Task:
Retype the entries exactly, but skip the pictures.

(Task inputs begins)

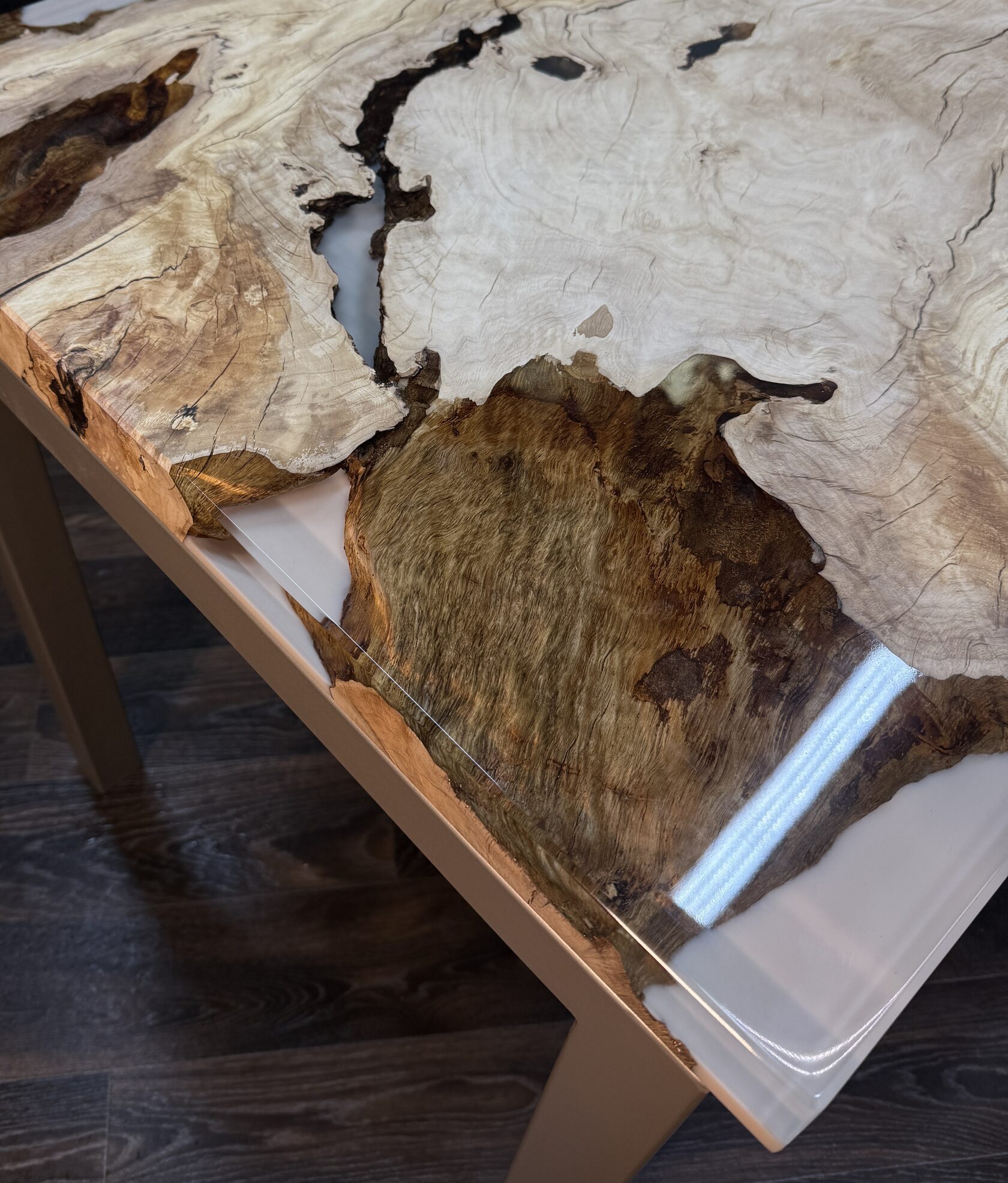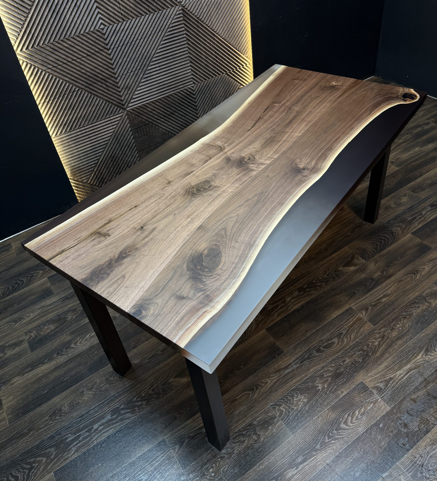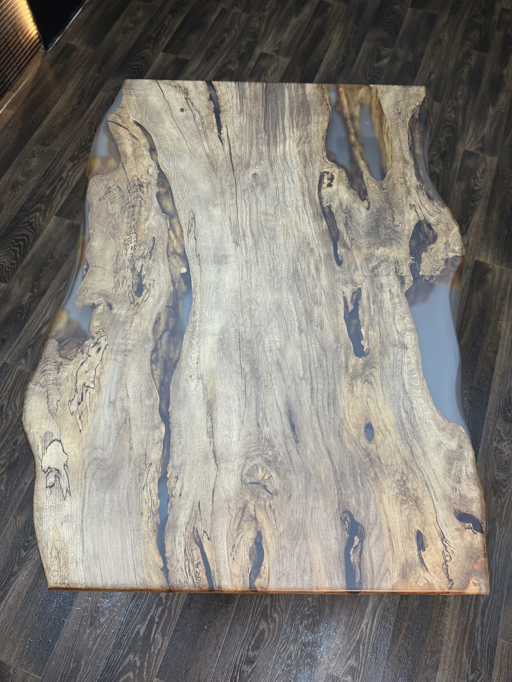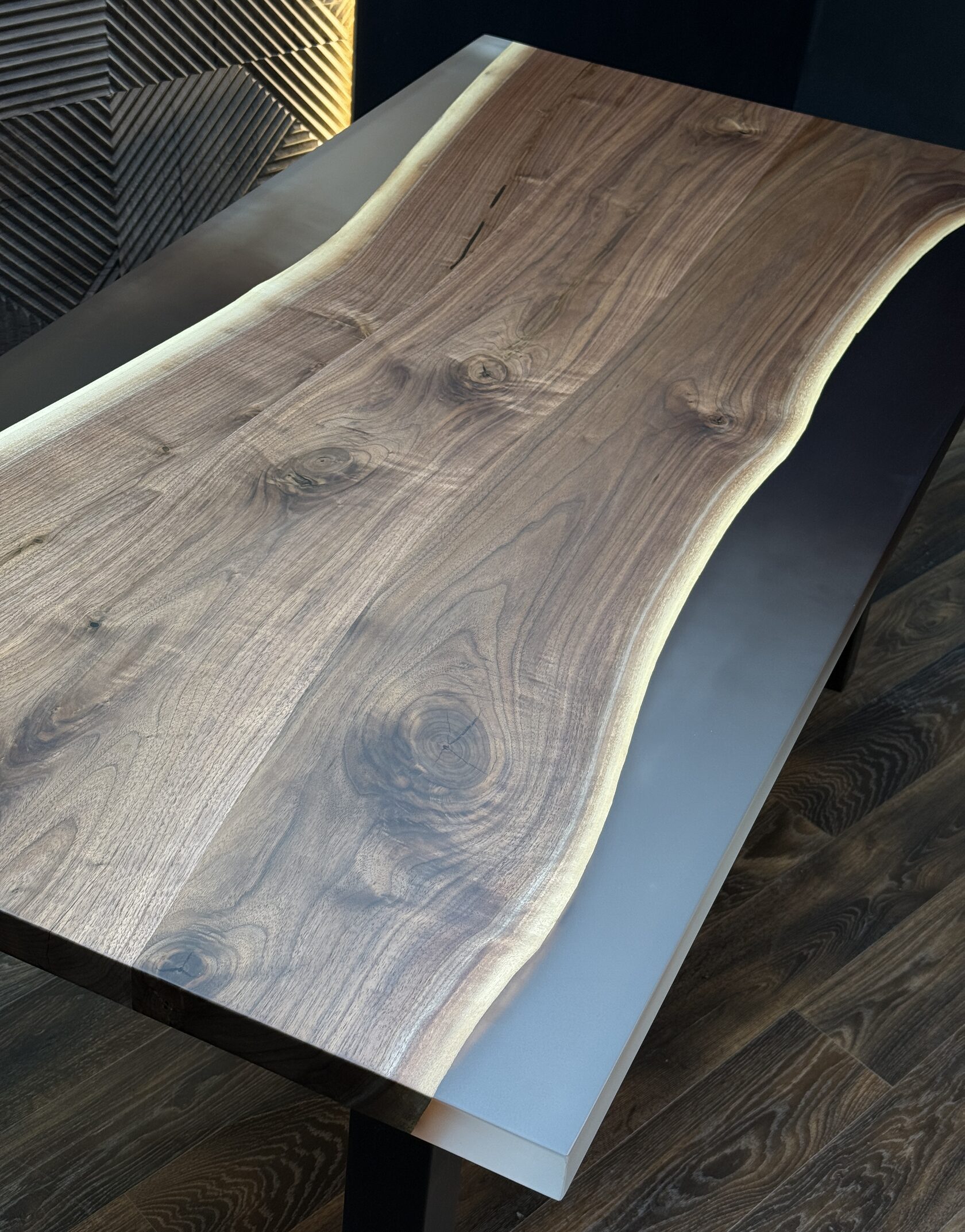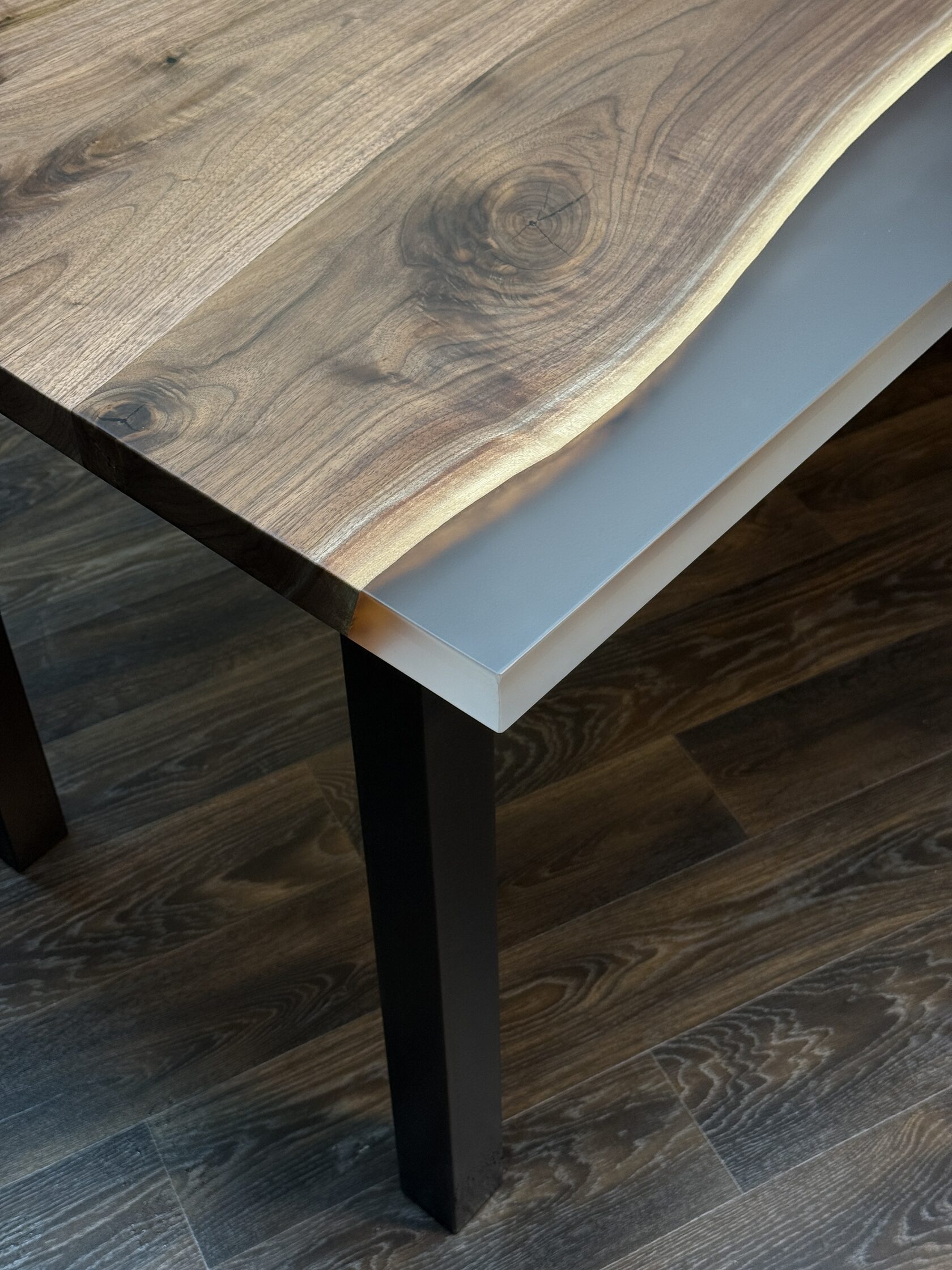 /Обеденный стол — это не просто предмет мебели, а настоящий центр жизни. Он создан для семейных ужинов, душевных встреч и важных разговоров за едой.Стол идеально вписывается в любой интерьер — будь то современная квартира или классический загородный дом. Сочетание натурального массива дерева и эпоксидной смолы, дарует ему уникальный характер, долговечность и неподвластное времени очарование./
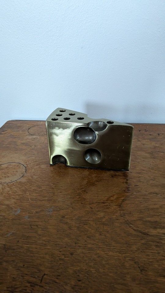 Add some personality to your space with this unique metal Swiss‑cheese–style sculpture. It’s solid, eye‑catching, and works great as a decorative accent, paperweight, or conversation piece. The polished metal finish gives it a modern, industrial look while the playful cheese‑wedge design keeps it fun. Details - Solid metal construction - Polished finish - Great for office desks, shelves, or modern décor - In excellent condition Perfect for anyone who loves quirky art, industrial décor, or unique desk accessories. Pickup only. Cash or digital payment accepted.
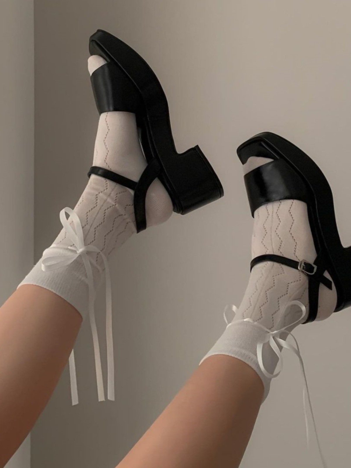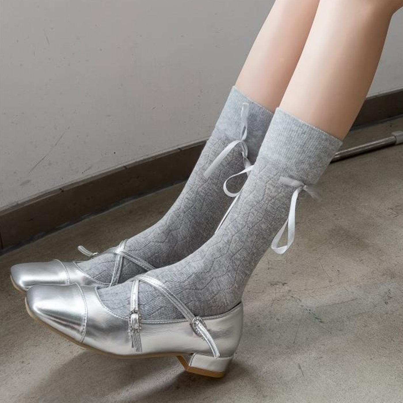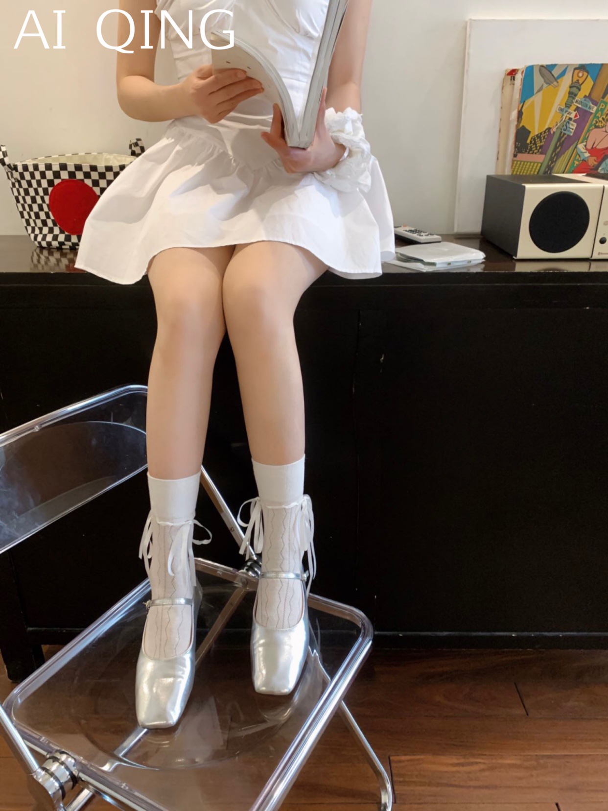 봄과 가을 발레 스타일 중공 스트랩 활 더미 스타킹 JK 리본 여름 짧은 양말 여성용 작은 가죽 신발스토어 가기
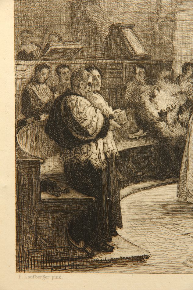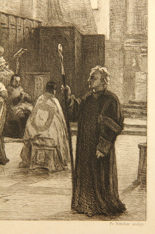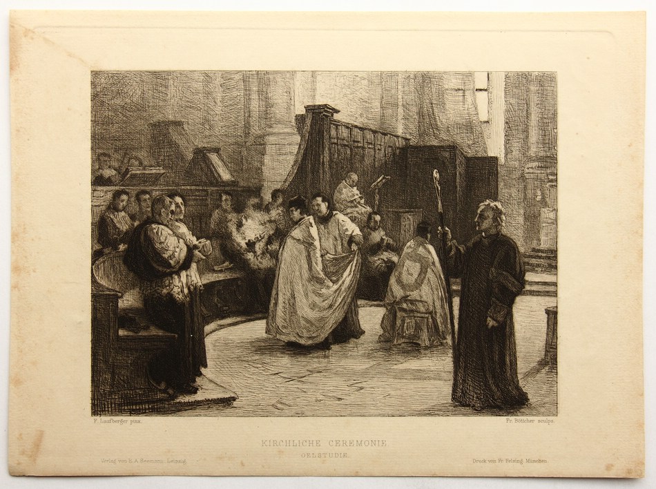 - Inscription: Signed and inscribed in the printing plate below the image: “F. Laufberger pinx. | Fr. Böttcher sculps. | Ecclesiastical Ceremony Oil Study | Publisher by E.A. Seemann. Leipzig | printed by Fr. Munich”.
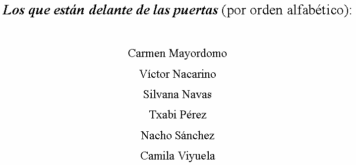 Con la producción de SieTeatro Producciones, que forman Antonio Cabrera, Tania Tajadura y Pablo Canosales, y con un elenco de actores que supo distribuirse las diferentes historias de manera notable y original, destacando sin duda el trabajo sobre el escenario de Nacho Sánchez, si las oportunidades apropiadas llegan para el proyecto ¿Qué se esconde tras la puerta?, no dudamos de que no se dejará de hablar de ello y de todos ellos, no por ser otra idea teatral pidiendo auxilio por el asfixiante panorama actual sino por la responsabilidad artística que saben ofrecer llamando a la puerta de la cultura y demostrando que hay que dar oportunidades a la gente que habla bien alto y sin miedo del teatro.
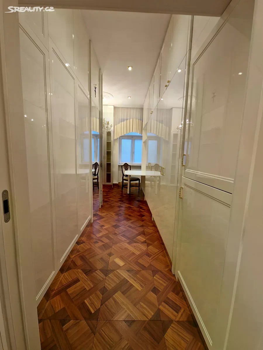 Jedinečný Apartmán 71 m²u Kolonády, Karlovy Vary. TOP LOKALITA: Rezidence s nejprestižnější adresou v Karlových Varech! Byt v 1. patře majestátního cihlového domu. Poloha je bezkonkurenční: jen pár kroků od historické kolonády, přesto v tiché a klidné zóně s nádherným výhledem do parku. Každé ráno vás probudí klid a zeleň. Exkluzivní Luxus : Tento apartmán není jen zrenovován; byl kompletně přepracován pod taktovkou designéra. Opulentní styl, kde každý detail svědčí o nejvyšší kvalitě (od obrazů, vestavěné šatny, závěsů až po designové stropní osvětlení) a tvoří mistrovské dílo. Detaily, které Hladí Smysly: • Dussie Parkety: V celém bytě vás uchvátí vzácné a odolné parkety z exotického dřeva Dussie, položené v elegantním šachovnicovém vzoru. • Kuchyňská linka ve světlých tónech je dotažena k dokonalosti. Všimněte si originálních úchytek s krystaly Swarovski, které se třpytí při každém doteku. • Reprezentační Vstup: Hala s kazetovým stropem a křišťálovým lustrem, osvětlujícím dřevěné obložení. • Královská Ložnice: Romantický design s luxusními tapetami, zlatými akcenty a kvalitním čalouněním. • Koupelna: Extravagance v kombinaci černých obkladů a zlatých doplňků s elektrickým podlahovým topením pro absolutní komfort. Technické Zabezpečení a Komfort: • Celková plocha: 71 m² obytné plochy. • Sklep XXL: K bytu náleží obrovský, suchý sklep o ploše 13 m², který poskytuje neocenitelný úložný prostor. • Centrální Vytápění: Spolehlivé a komfortní. • Parking: Unikátní možnost parkování ve dvoře - vzácnost v lázeňské zóně! Příležitost pro: Náročného klienta, který hledá klid, luxus a reprezentativní bydlení s unikátní atmosférou lázeňského města. Vhodné i jako prestižní investice k pronájmu. Tento apartmán se kupuje srdcem. Přijďte se přesvědčit o jeho jedinečnosti! Cena, plánek a osobní prohlídka na vyžádání. Náklady spojeny s užíváním tohoto bytu je 3.765,-Kč/osoba. Pokud Vás byt zaujal, neváhejte nám napsat nebo zavolat a rádi Vám vše ukážeme osobně.

(Task inputs ends)

Exercise solution:
 /Обеденный стол — это не просто предмет мебели, а настоящий центр жизни. Он создан для семейных ужинов, душевных встреч и важных разговоров за едой.Стол идеально вписывается в любой интерьер — будь то современная квартира или классический загородный дом. Сочетание натурального массива дерева и эпоксидной смолы, дарует ему уникальный характер, долговечность и неподвластное времени очарование./
 Add some personality to your space with this unique metal Swiss‑cheese–style sculpture. It’s solid, eye‑catching, and works great as a decorative accent, paperweight, or conversation piece. The polished metal finish gives it a modern, industrial look while the playful cheese‑wedge design keeps it fun. Details - Solid metal construction - Polished finish - Great for office desks, shelves, or modern décor - In excellent condition Perfect for anyone who loves quirky art, industrial décor, or unique desk accessories. Pickup only. Cash or digital payment accepted.
 봄과 가을 발레 스타일 중공 스트랩 활 더미 스타킹 JK 리본 여름 짧은 양말 여성용 작은 가죽 신발스토어 가기
 - Inscription: Signed and inscribed in the printing plate below the image: “F. Laufberger pinx. | Fr. Böttcher sculps. | Ecclesiastical Ceremony Oil Study | Publisher by E.A. Seemann. Leipzig | printed by Fr. Munich”.
 Con la producción de SieTeatro Producciones, que forman Antonio Cabrera, Tania Tajadura y Pablo Canosales, y con un elenco de actores que supo distribuirse las diferentes historias de manera notable y original, destacando sin duda el trabajo sobre el escenario de Nacho Sánchez, si las oportunidades apropiadas llegan para el proyecto ¿Qué se esconde tras la puerta?, no dudamos de que no se dejará de hablar de ello y de todos ellos, no por ser otra idea teatral pidiendo auxilio por el asfixiante panorama actual sino por la responsabilidad artística que saben ofrecer llamando a la puerta de la cultura y demostrando que hay que dar oportunidades a la gente que habla bien alto y sin miedo del teatro.
 Jedinečný Apartmán 71 m²u Kolonády, Karlovy Vary. TOP LOKALITA: Rezidence s nejprestižnější adresou v Karlových Varech! Byt v 1. patře majestátního cihlového domu. Poloha je bezkonkurenční: jen pár kroků od historické kolonády, přesto v tiché a klidné zóně s nádherným výhledem do parku. Každé ráno vás probudí klid a zeleň. Exkluzivní Luxus : Tento apartmán není jen zrenovován; byl kompletně přepracován pod taktovkou designéra. Opulentní styl, kde každý detail svědčí o nejvyšší kvalitě (od obrazů, vestavěné šatny, závěsů až po designové stropní osvětlení) a tvoří mistrovské dílo. Detaily, které Hladí Smysly: • Dussie Parkety: V celém bytě vás uchvátí vzácné a odolné parkety z exotického dřeva Dussie, položené v elegantním šachovnicovém vzoru. • Kuchyňská linka ve světlých tónech je dotažena k dokonalosti. Všimněte si originálních úchytek s krystaly Swarovski, které se třpytí při každém doteku. • Reprezentační Vstup: Hala s kazetovým stropem a křišťálovým lustrem, osvětlujícím dřevěné obložení. • Královská Ložnice: Romantický design s luxusními tapetami, zlatými akcenty a kvalitním čalouněním. • Koupelna: Extravagance v kombinaci černých obkladů a zlatých doplňků s elektrickým podlahovým topením pro absolutní komfort. Technické Zabezpečení a Komfort: • Celková plocha: 71 m² obytné plochy. • Sklep XXL: K bytu náleží obrovský, suchý sklep o ploše 13 m², který poskytuje neocenitelný úložný prostor. • Centrální Vytápění: Spolehlivé a komfortní. • Parking: Unikátní možnost parkování ve dvoře - vzácnost v lázeňské zóně! Příležitost pro: Náročného klienta, který hledá klid, luxus a reprezentativní bydlení s unikátní atmosférou lázeňského města. Vhodné i jako prestižní investice k pronájmu. Tento apartmán se kupuje srdcem. Přijďte se přesvědčit o jeho jedinečnosti! Cena, plánek a osobní prohlídka na vyžádání. Náklady spojeny s užíváním tohoto bytu je 3.765,-Kč/osoba. Pokud Vás byt zaujal, neváhejte nám napsat nebo zavolat a rádi Vám vše ukážeme osobně.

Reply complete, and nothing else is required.